I'll leave any quibbles about alethic or epistemic interpretation
of modal logic to others.
2. I do not believe that experience of CbyC on the Altran iFacts Air
Traffic Control (ATC) project is sufficient to sustain the claim the
CbyC renders UT unnecessary. My reasons for this include:
(a) The aim of ATC is to maintain safe separation of aircraft. Yet
the Z definitions of the UK airspace used by iFacts specified it as a
set of non-convex volumes intersecting only at their boundaries. These
definitions did not even give a specific topology, still less define a
metric space. In fact the Z definitions did not even contain the
geographic coordinates of the vertices at sector boundaries. In these
circumstances, how can one claim that the notions of location and
distance between aircraft are even defined by the Z specifications? A
coder of a software unit that dealt with location and distance would,
presumably, have to introduce the relevant coordinates and metric
notions into the SPARK proof annotations? For if they were not given in
the Z functional specification, how else could they be introduced? And
if the coordinate system and distance metric were added by the coder for
the units that he was coding, how were these notions explicitly
traceable to the Z specifications? In fact, given the weakness of the Z
airspace specifications, how could incorrect location and metric
assumptions possibly contradict it? If the formal functional spec was
that weak, CbyC was correspondingly limited in the strength of the
assertions that it could prove about the code - and that is quite apart
from any issues of whether UT is necessary.

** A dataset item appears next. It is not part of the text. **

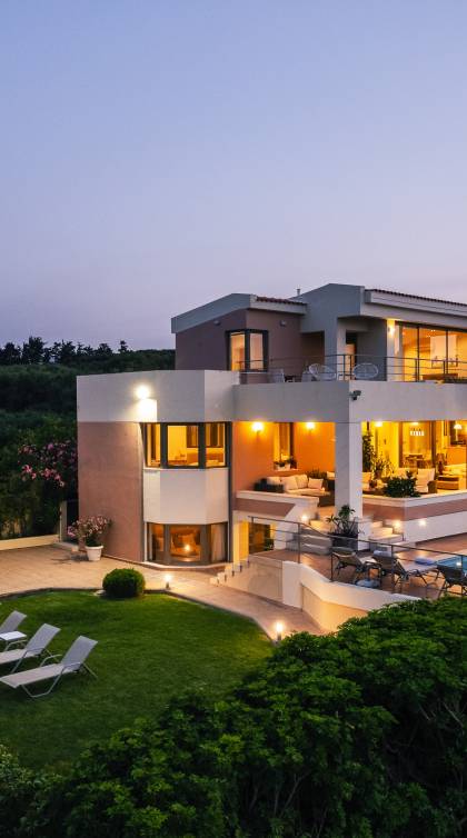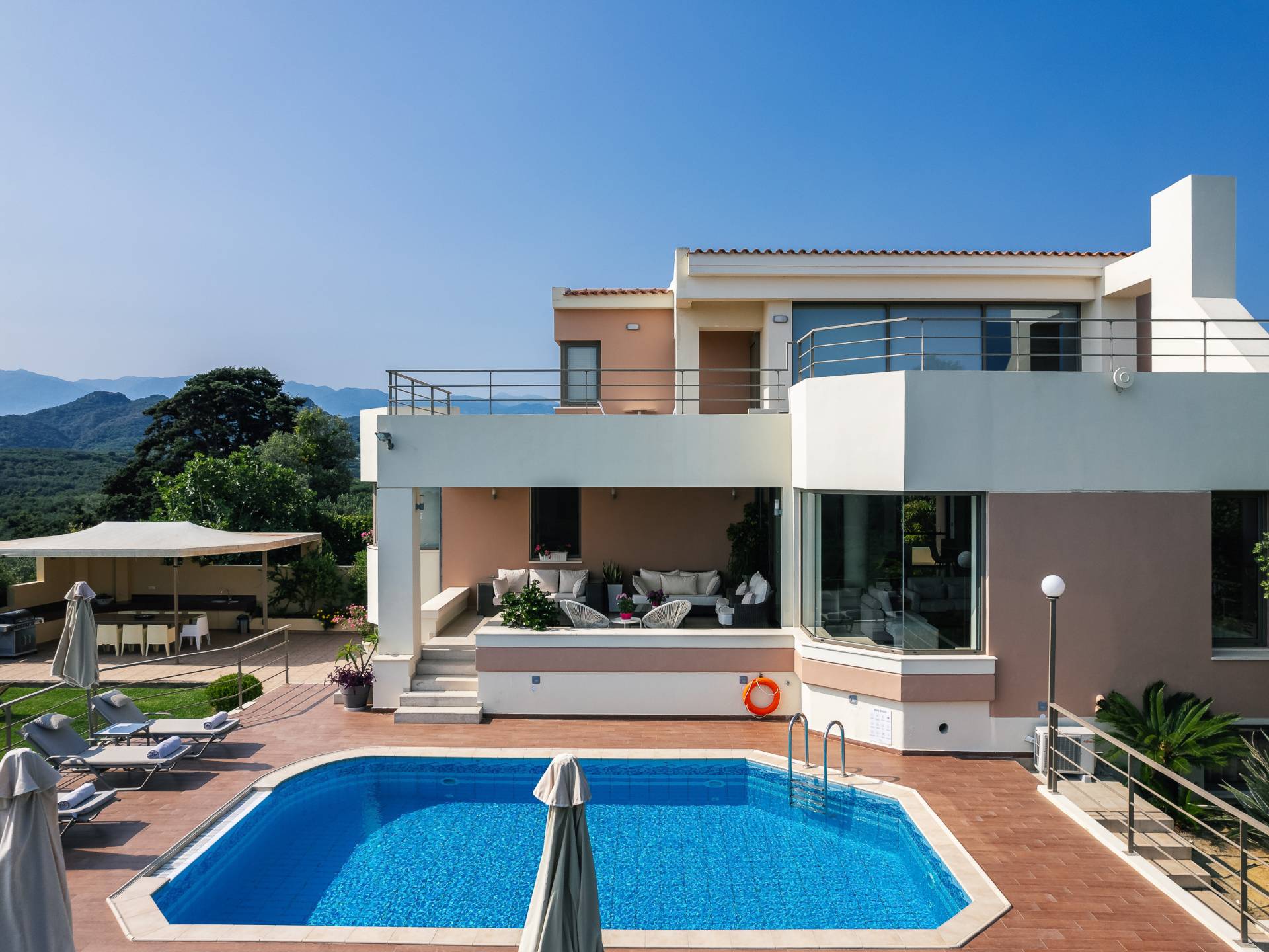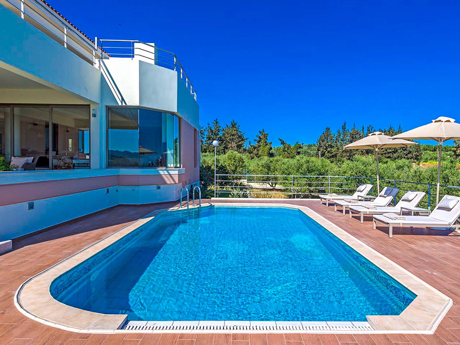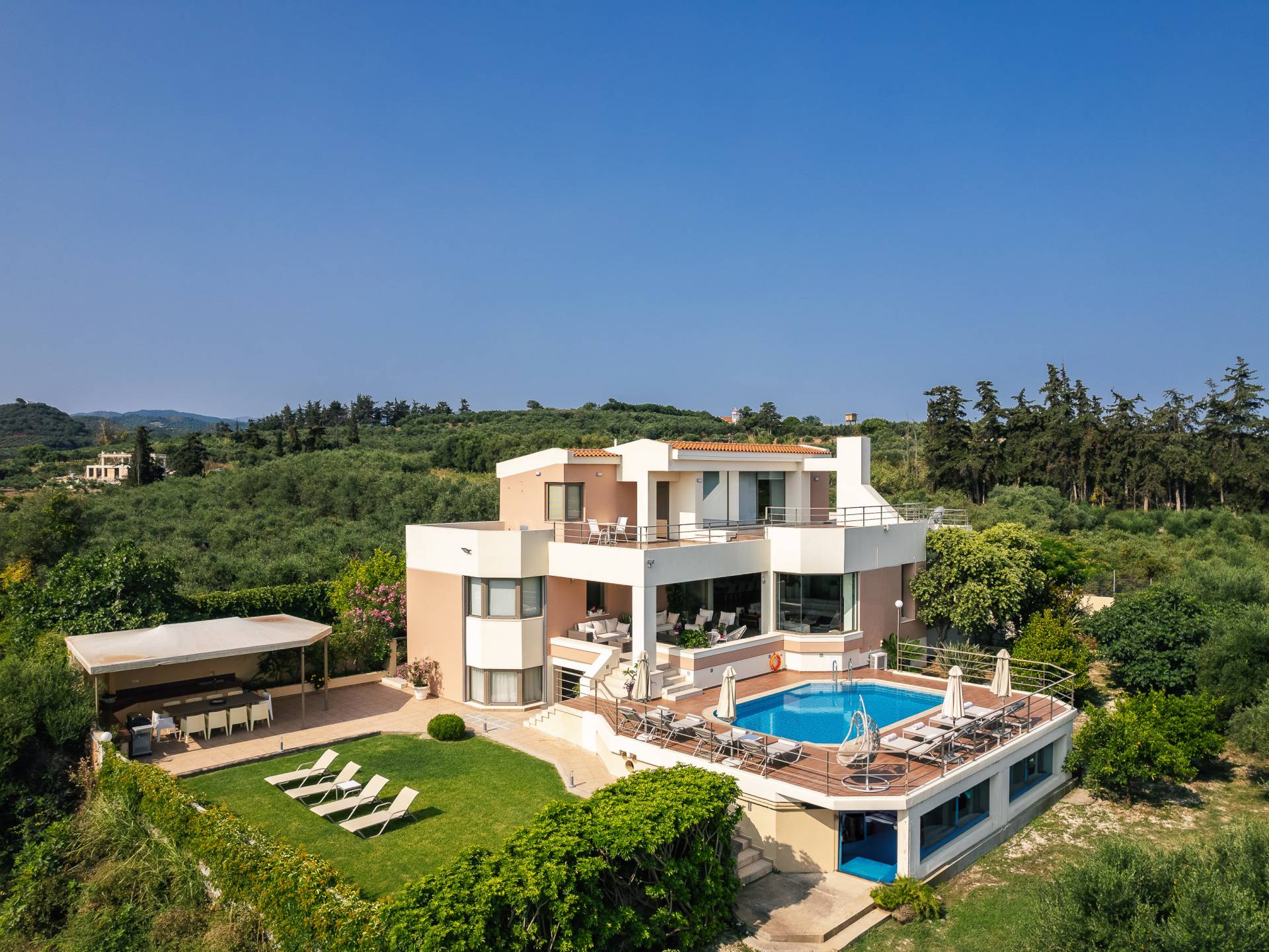 Située sur un terrain privé paisible de 2 800 m² entouré par la nature, Anastasia Villa Chania est une villa de luxe de 520 m² avec une qualité de construction de haut niveau et de riches installations. Face à la mer de Crète et à seulement 2,5 km de la plage de sable et de la célèbre zone touristique de Platanias, la villa offre une vue imprenable sur la mer et les montagnes environnantes. Une atmosphère paisible et des équipements modernes pour des vacances reposantes, parfaites pour les familles et les enfants, les couples, les jeunes mariés et les personnes de bon goût. Profitez de la tranquillité, du confort et du luxe dans cette villa exquise et unique.

(b) The iFacts code was not all written in SPARK Ada. AFAI recall (Rod C
may correct me) there were about 100kloc of SPARK Ada and 80kloc of C.

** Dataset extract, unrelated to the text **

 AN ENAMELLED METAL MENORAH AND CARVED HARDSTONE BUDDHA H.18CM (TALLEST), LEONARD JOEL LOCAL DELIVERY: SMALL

The C bits were not, AFAI am aware, developed using a CbyC process. In
my recollection the most powerful static analysis that was performed on
them was MISRA C conformance checking (done by QAC with yours truly
examining the results). MISRA conformance was subject to a large number
of deviation concessions because the C code used X libraries, which are
not fully MISRA C compliant. If you have CbyC for only 56% of the code,
how can you claim that CbyC has rendered unit-testing unnecessary? The
closest you can get is to provide corresponding input and output
predicates for calls to C functions from Ada. But there is no white-box
proof that a called C routine actually behaves as its input-output
predicate specification claims. In what sense, then, could anyone
reasonably claim that CbyC rendered UT unnecessary for the C code?

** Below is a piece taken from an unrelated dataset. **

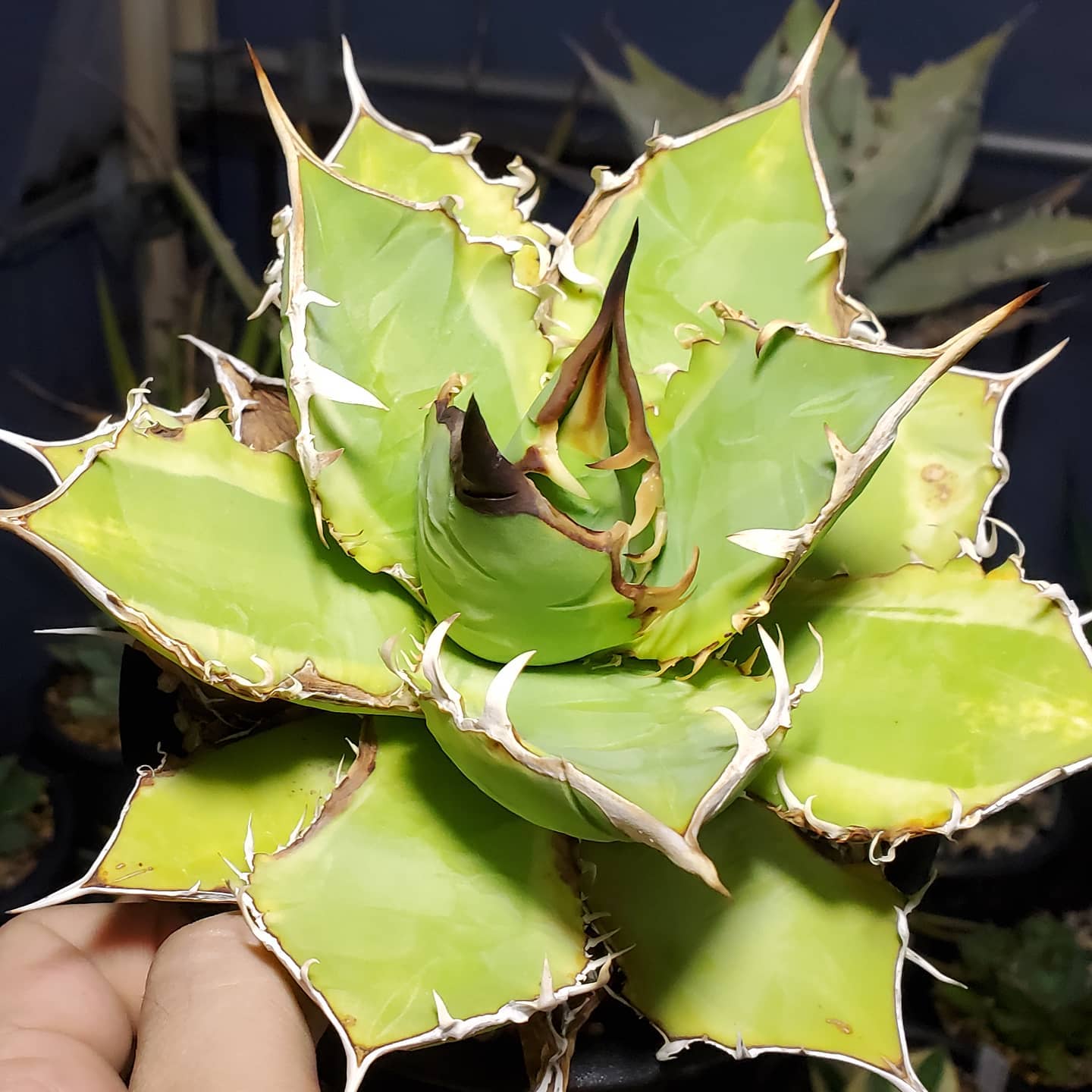 ティタノタ 黄覆輪これも去年植え替えて調子戻した株。新葉は綺麗に展開してるけど、傷んだ下葉は根詰まりからの葉焼けの跡。

(c) Location and distance calculation necessarily involves computation
with trigonometric functions. How was it assured that these produced
correct results close to bearings at which these functions take the
value zero? DId the Z spec take account of problems of stability in the
numerical calculations? Did they, for example, use notions of interval
arithmetic? Were the relevant verification conditions placed in the
SPARK annotations? If not, how did the coders provide for numerical
stability and make their provisions traceable to the Z spec?
(d) The iFacts system is highly concurrent. Did the CbyC provide for
verification of relevant concurrency properties? I didn't look in detail
at all of the Z specification, but I'd seriously question the capacity
of Z to capture the relevant requirements in its action-system style of
modelling (but, please, RC, correct me if I've got this wrong).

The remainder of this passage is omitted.